- **DATASET CONTENT**
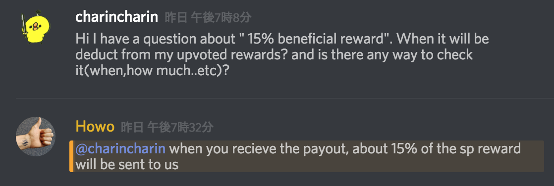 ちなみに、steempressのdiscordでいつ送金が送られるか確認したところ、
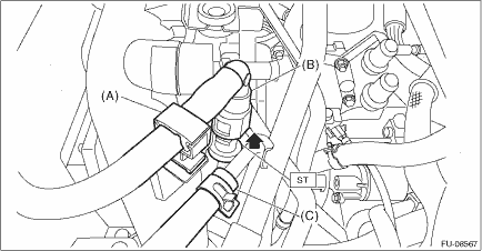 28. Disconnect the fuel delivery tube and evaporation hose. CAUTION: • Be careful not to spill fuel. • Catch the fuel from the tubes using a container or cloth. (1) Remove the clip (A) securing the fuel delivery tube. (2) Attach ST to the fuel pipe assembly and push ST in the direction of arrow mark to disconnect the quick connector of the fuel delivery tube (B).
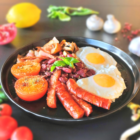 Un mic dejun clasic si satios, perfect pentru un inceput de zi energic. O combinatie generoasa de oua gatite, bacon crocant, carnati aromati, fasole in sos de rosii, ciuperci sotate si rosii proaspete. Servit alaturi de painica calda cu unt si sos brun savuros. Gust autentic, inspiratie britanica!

- **TASK DETAILS**
Return every line above exactly, omitting images.

- **ANSWER**
 ちなみに、steempressのdiscordでいつ送金が送られるか確認したところ、
 28. Disconnect the fuel delivery tube and evaporation hose. CAUTION: • Be careful not to spill fuel. • Catch the fuel from the tubes using a container or cloth. (1) Remove the clip (A) securing the fuel delivery tube. (2) Attach ST to the fuel pipe assembly and push ST in the direction of arrow mark to disconnect the quick connector of the fuel delivery tube (B).
 Un mic dejun clasic si satios, perfect pentru un inceput de zi energic. O combinatie generoasa de oua gatite, bacon crocant, carnati aromati, fasole in sos de rosii, ciuperci sotate si rosii proaspete. Servit alaturi de painica calda cu unt si sos brun savuros. Gust autentic, inspiratie britanica!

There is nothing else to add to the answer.